Sharks aren’t the only fish or fishlike creatures that have infested broadcast and Web television this summer. One of the more entertaining waterborne shows has been “Top Hooker,” an Animal Planet competition series that began in June and is now down to the final few episodes. You knew this was going to be an amusing show from the initial news release, which declared, “The search is on for the best hooker in America.”
These hookers – the series began with 10 – are the kind who fish, but this show hasn’t been merely drab shots of guys and gals casting at a riverside. The elimination-style competitions have included all sorts of stunts, fishing-related but not necessarily involving fish. One of the challenges was to back a motorboat that was hitched to a pickup truck through a twisting course to the water’s edge. That same episode found the competitors in a giant tank full of catfish, which they had to snag with their bare hands.

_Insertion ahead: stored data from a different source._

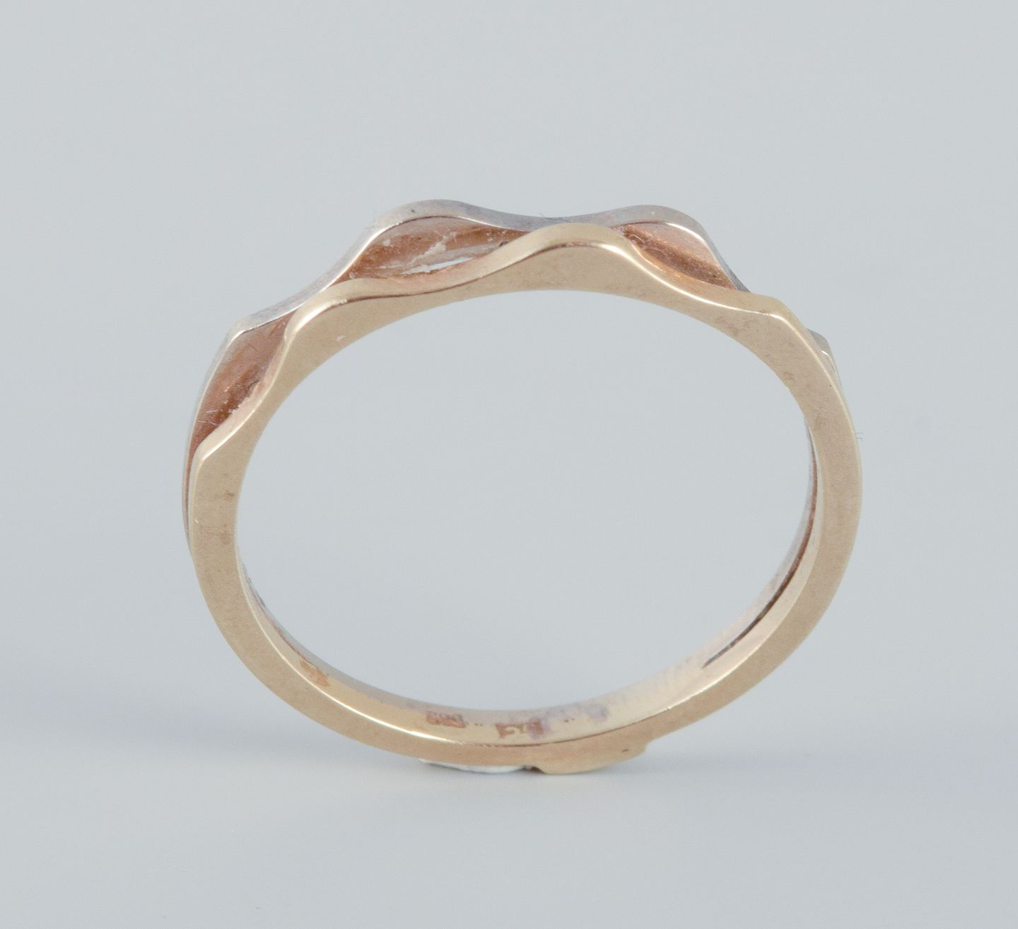 14 karat gold ring in white gold and rose gold. Modernist design. Mid-20th century. Makers mark: SC. In excellent condition. Ring size: 18 mm. (US approx. 8)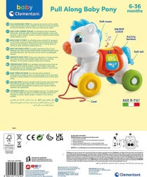 A Clementoni Baby sorozat interaktív, húzható pónija úgy készült, hogy mozgásra motiválja a gyermekeket és támogassa természetes kíváncsiságukat. Az ülésen található gombok vidám hangokat és dallamokat indítanak, melyek fejlesztik a hallást és tanítják az ok-okozati összefüggéseket. A zsinór segítségével a gyerekek könnyedén vezethetik a pónit, miközben gyakorolják a járás közbeni stabilitást.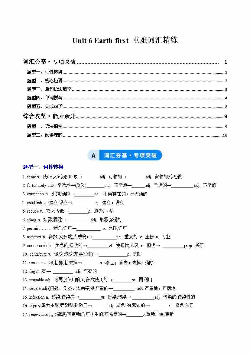 Unit 6 Earth first(重难词汇精练)(教师版)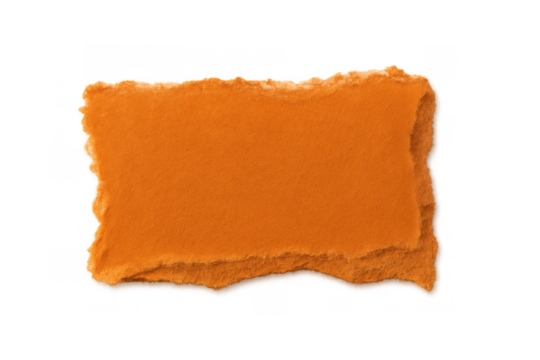 Ripped orange paper fragment with rough textured edges on transparent background, showing blank scrap copy space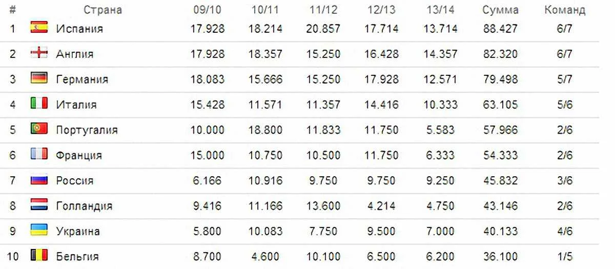 Таблиця коефіцієнтів УЄФА. Україна наближається до Нідерландів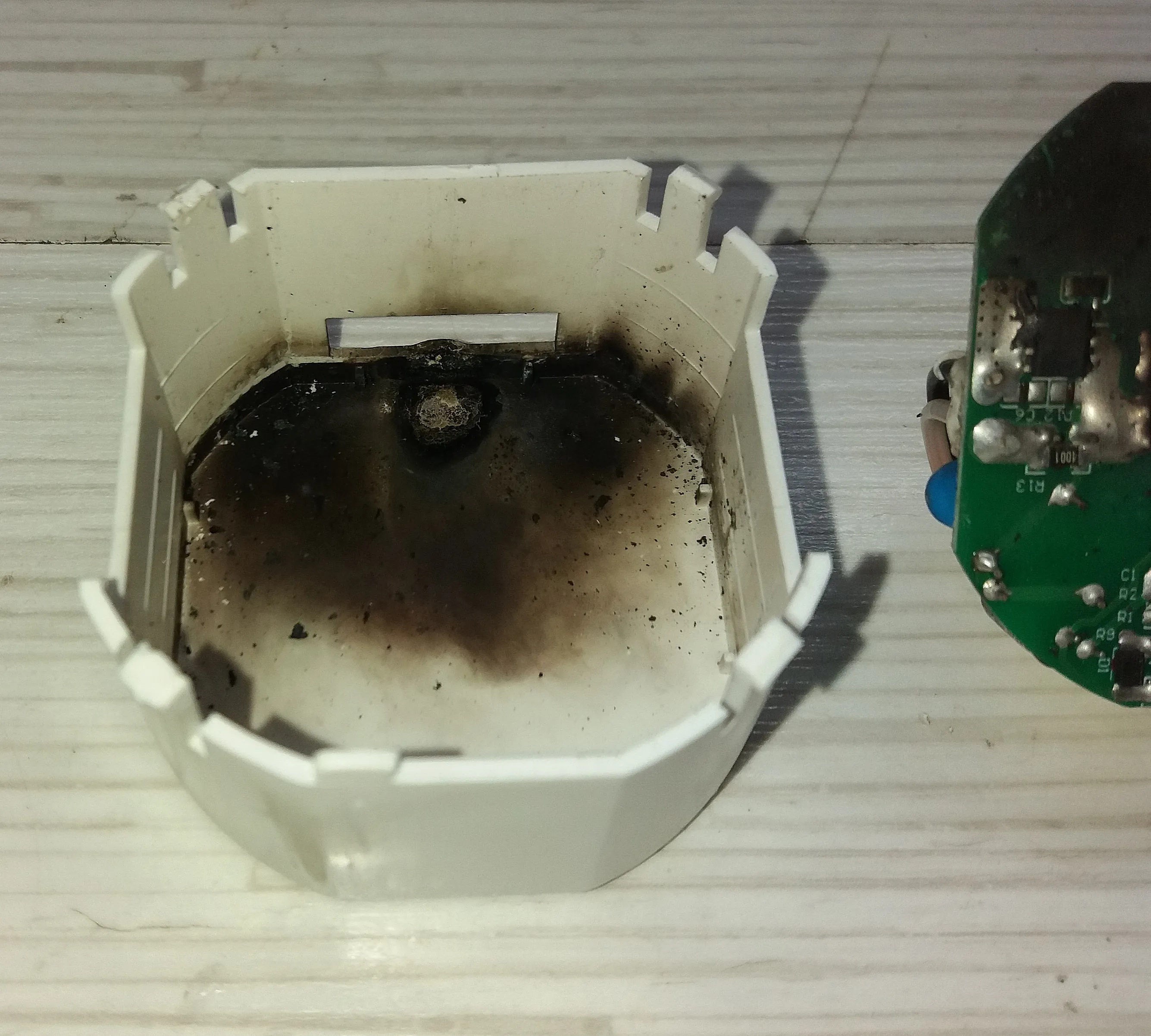 Вариант с перенапряжением встроенного ключа - отметается, так как на "стоке" предусмотрен RCD снаббер, который гасит выбросы. Что касается перегрузки ключа по току - то это тоже исключено, так как к выводу "CS" подключен сенсорный резистор. Ну и последний вариант - это КЗ по выходу, тоже отметается, так как если на выходе будет КЗ, то на выводе VDD (питание микросхемы) будет ноль Вольт и микросхема отключиться, и она будет периодически запускаться через высокоомный резистор. Так что, ставлю на перегрев. А у вас какие мысли?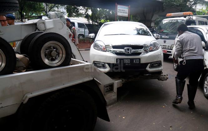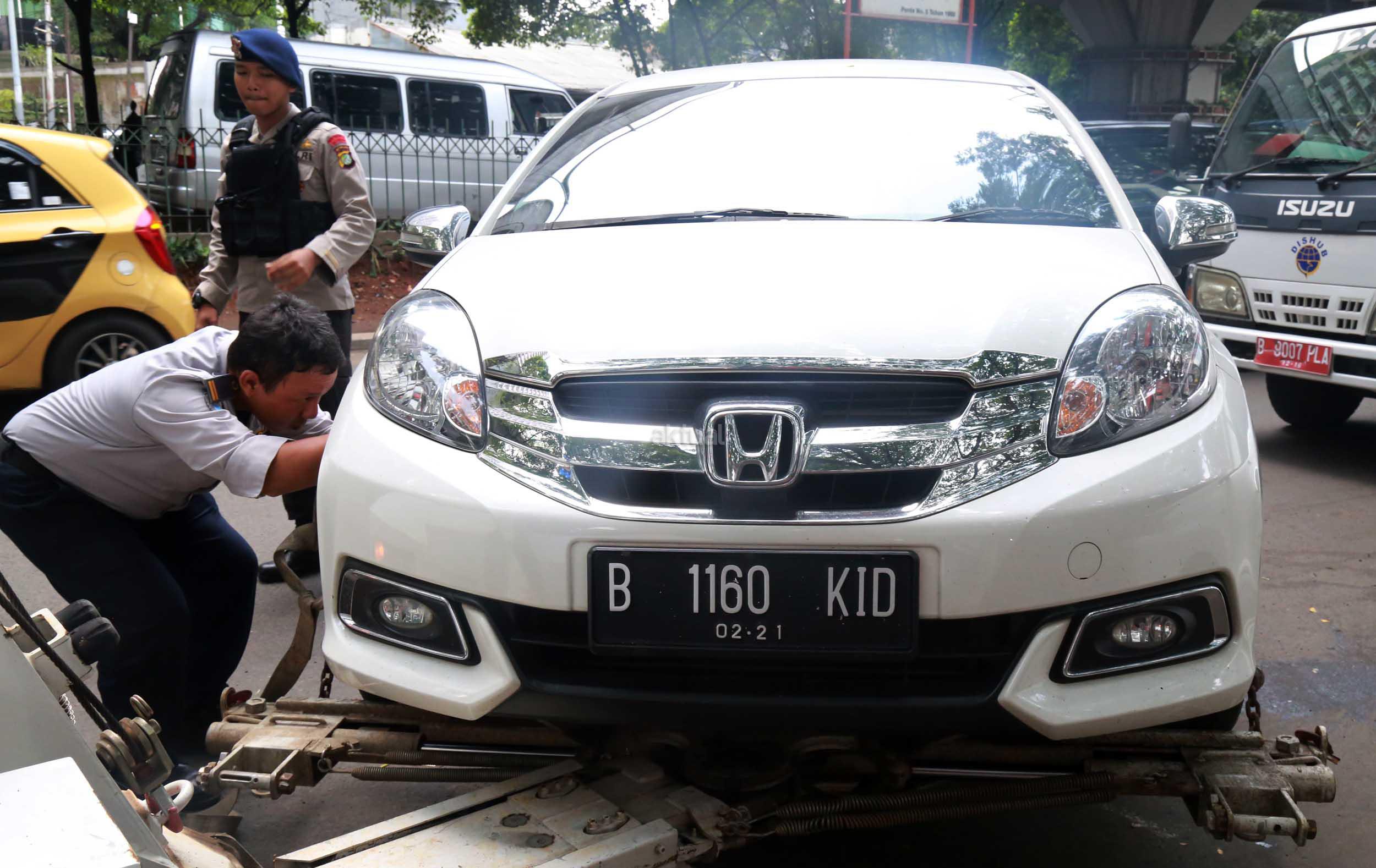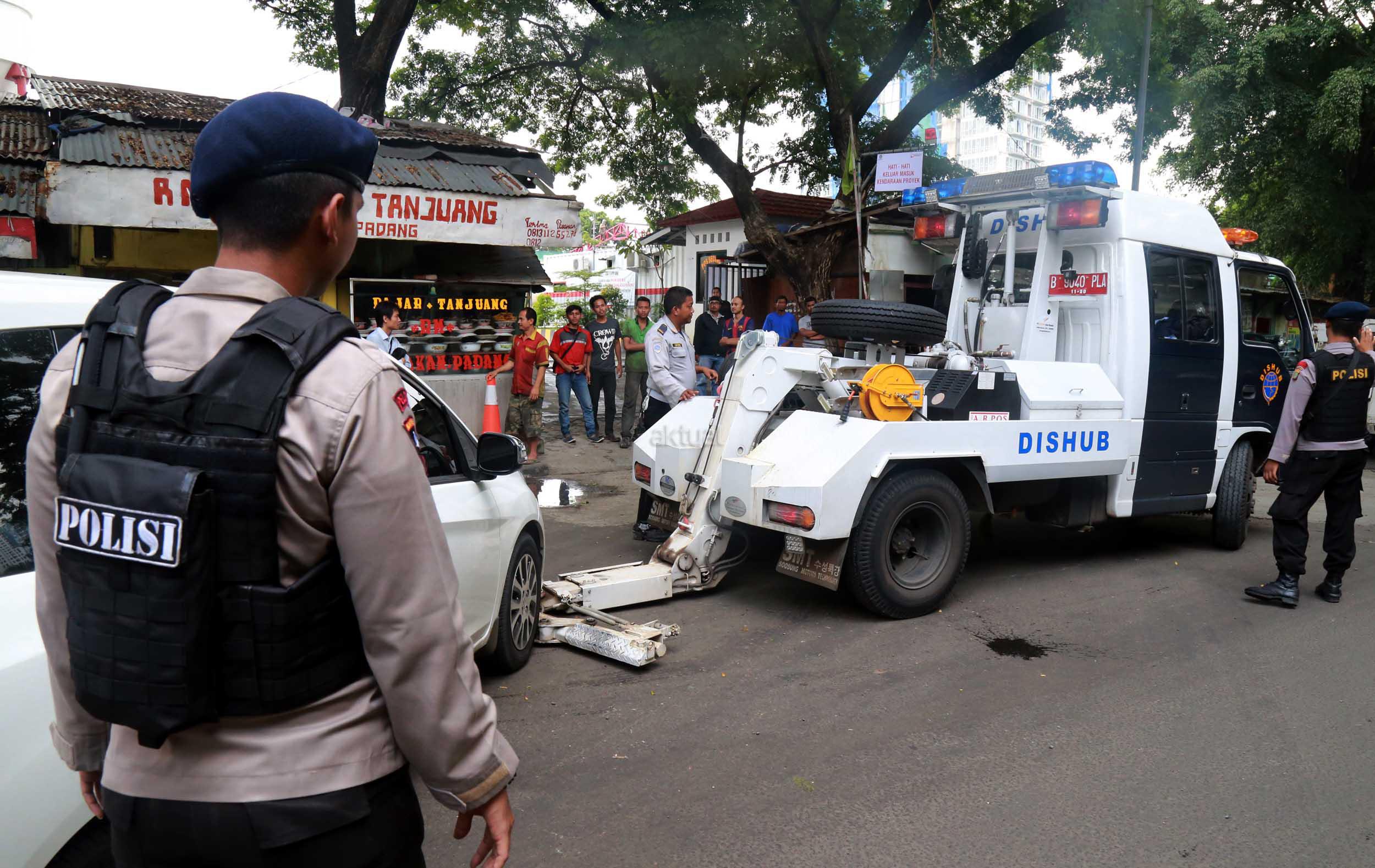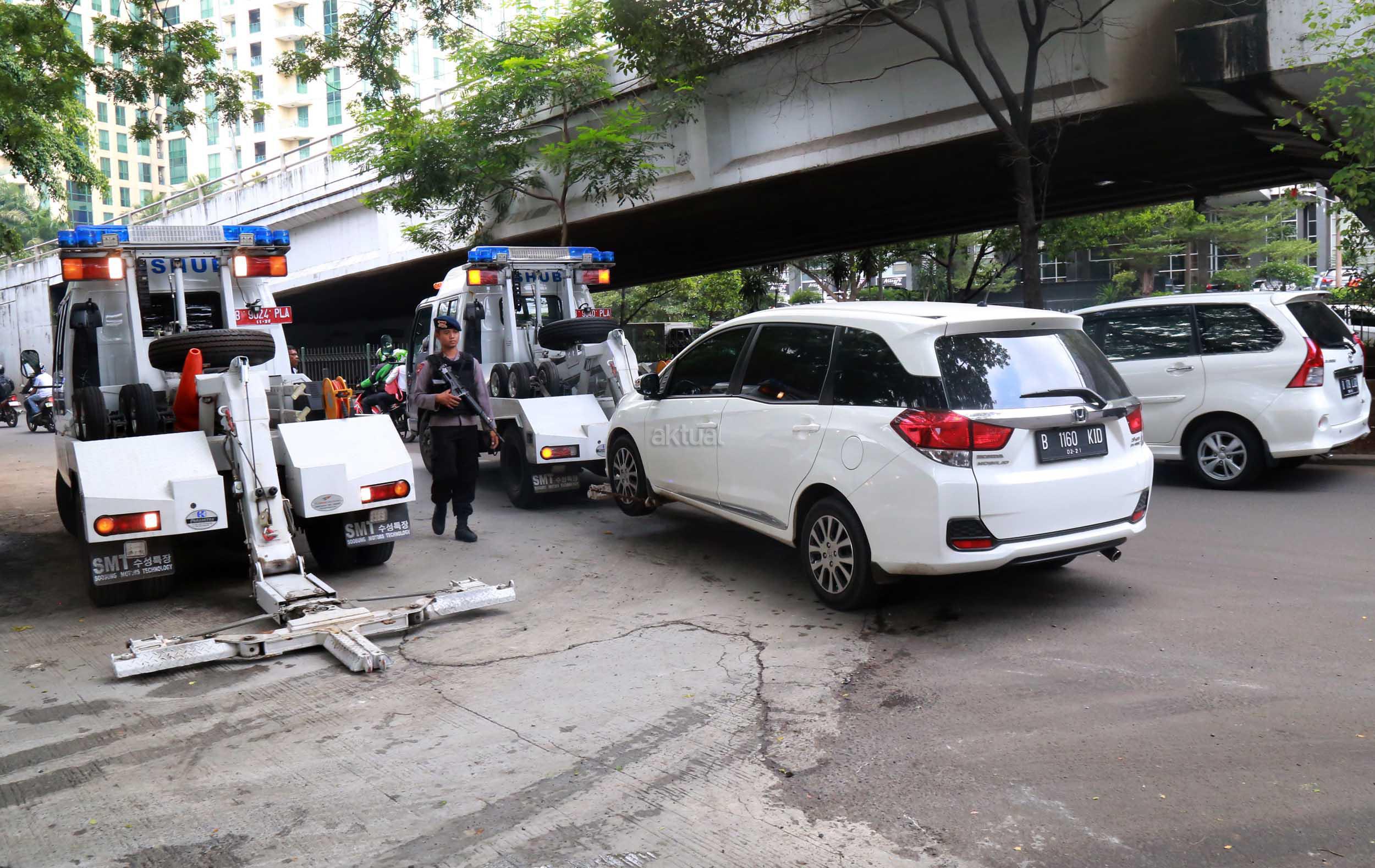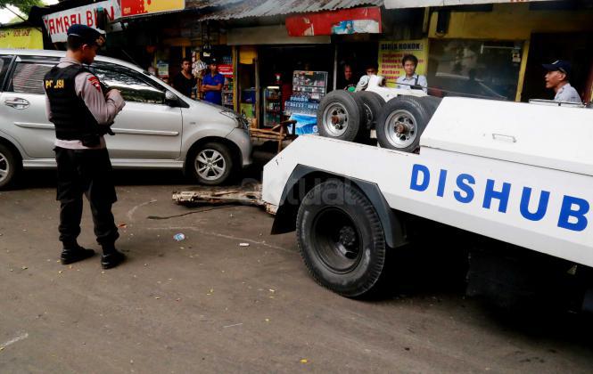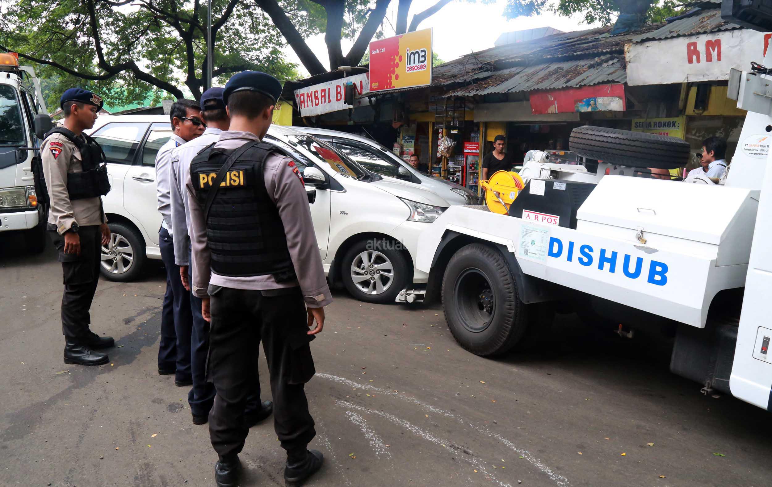 Petugas Dinas Perhubungan Provinsi DKI Jakarta bersama melakukan razia dan menderek mobil yang parkir di kawasan Jalan.Kasablanka, Jakarta, Kamis (21/4/2016).Dishub DKI Jakarta mengintensifkan razia mobil yang parkir di bahu jalan untuk mengantisipasi kemacetan serta sebagai sosialisasi kepada pengguna agar parkir di tempat yang telah disediakan.

The new Pursuit Channel (“we deliver the outdoors”) is about to begin promoting itself with droll spots featuring Fish Fishburne, a fishing expert with a wacky sense of humor who is familiar to fans of the Outdoor Channel and other outlets where fish are favored. And last week Netflix joined in the mania, sort of. It began offering “Mako Mermaids,” an enjoyable follow-up to the Australian series “H20: Just Add Water.”
In the new series, three mermaids decide to get legs and try land. “We are about to enter a world of chaos and danger,” one tells the other two. Apparently, even mermaids have heard about those sharknadoes.